The Street is pricing in a high probability of a Fed cut. I still think the Fed doesn't have the margin to do so, but profit statements involved with the "real" economy seem to support the Street. Caterpillar:
The company said several key U.S. industries it serves, including trucking and nonmetal mining, are "in recession," and its machinery sales to nonresidential builders are declining as fast as sales to the residential building industry, which it said was in "severe recession."
Caterpillar said a number of factors weighed on third-quarter results, including higher manufacturing and material costs, which increased core operating costs by $294 million.

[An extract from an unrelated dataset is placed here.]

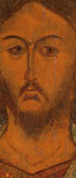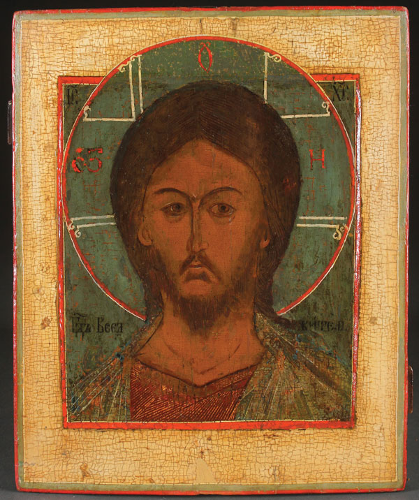A RUSSIAN ICON OF CHRIST, PROBABLY 17TH CENTURY WITH LATER RESTORATIONS. Here depicted in bust portrait style, executed on a green background, and identified by the shoulder height inscription, "The Lord Almighty." The borders cleaned down to the gesso. 12.5 inches x 10.25 inches (31.5 x 26 cm).

It said the tightening of the credit markets in recent months has not had a significant impact on its own borrowings. But it said loan delinquencies of more than 30 days at its Cat Financial unit, which finances equipment purchases by the company's customers, jumped to 2.52 percent at September 30 from 1.89 percent a year earlier.

"Most of this increase is related to North America and is specifically related to the downturn in the housing market," Caterpillar said.
As for profit, 19% of the increase derived from currency fluctuations. Caterpillar's forecasts are based on the idea that GDP in 2008 will grow 1.5%.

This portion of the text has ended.